Grief takes time (with thanks to Erica)

Blessings on a friend, Erica Goldblatt Hyatt, for writing....


"It's time to move on." ~ OR ~ "You seem to be over this pretty quick."

"You'll hurt less if you throw yourself back into work."  ~ OR ~ "What are you doing back at work so soon? You need more time."

"Time heals all wounds."  ~ OR ~ "You will never recover."

"It's unhealthy if your grief prevents you from enjoying life."  ~ OR ~ "It's unhealthy if you are still taking pleasure in things you used to." 

"It's abnormal if you receive signs from the afterlife."  ~ OR ~ "It's abnormal if you haven't gotten a sign."

NO. Grief is not binary!! Grief is cyclical, complex, mystical, and not defined by time and space. The loss of a relationship is something that needs continual reevaluation, assessment, and sensitivity. We pretend that our culture has moved forward in an understanding of what the bereaved need but I still see messages that indicate a lack of comprehension or assumptions regarding what "normal" bereavement is. 

Please know that it's ok to assert that you need more time. It's ok for life to not snap back into place. Its ok if it does. It's ok to ache and bleed. It's ok to seek new understandings of the afterlife. It's ok to question the meaning of life at all and feel as though you have lost your sense of safety in the world. It's ok to be angry. It's ok to be numb. It's ok for friendships to be lost or reconstructed: truly, loss provides an opportunity to see who really cares in the short and long term. And most of all, even if in a whisper, it's ok to ask for help.


Between September 16 & October 30, 2001 I lost my mother (who was far more than a parent) & my family - losses I'd expected for quite some time.  I also lost my job, workplace, co-workers - losses that totally blindsided me.  

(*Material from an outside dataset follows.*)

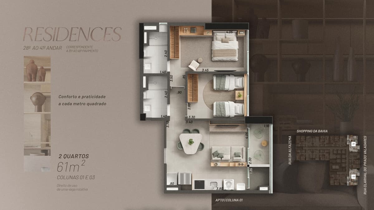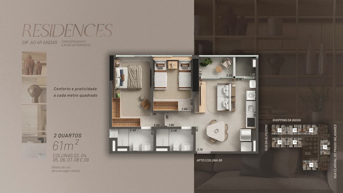 | Residences | 2 | Vaga rotativa | 61,11 m² a 61,79 m² |

I felt distanced from my community, my friends.  Our savings had been depleted, our bills increased, our income slashed.  It felt like everything that had given me a sense of place was stripped away - except John.

I had not expected to feel grief when Mom died, nor did I.  She was ready, so was I.  But losing everything - that devastated me.  Instead of taking me weeks to be functional again, let alone heal, it was months, then over a year.  Through it all, John was my rock.  

Once, I asked why he didn't get frustrated with me, why he didn't get upset over how long it was taking for me to get my footing back, why he didn't seem worried about our finances - why he just stood by me, week after week, month after month.  How was it possible he didn't seem at all distressed over my continued grief & grieving - it was taking so long! 

Will always & forever remember his reply - It's taking as long as it takes.  

It's taking as long as it takes.  Here was a guy who's an only child, who doesn't have a lot of friends, who is sort of a fairly solitary fellow, yet who understood the situation so much better than I even came close. 

Erica is totally spot on - grief is cyclical & complex, impossible to define by time & space.  But people seem to have a sense it should be.  I did.  My brother did, when he was amazed that Mom still grieved the loss of our brother, Ian, decades & decades after his death.  To the end of her days, Mom felt her loss.  She could never move on, get past, get over.  When it came to Ian, then later Dad, some sense of bereavement always lingered.  Not morbid, dark, destructive, but a sense of something missing, of the universe being not quite right, still there.  

Grief is not straightforward.  There is no timeline, it has no "complete by" date.  It takes as long as it takes.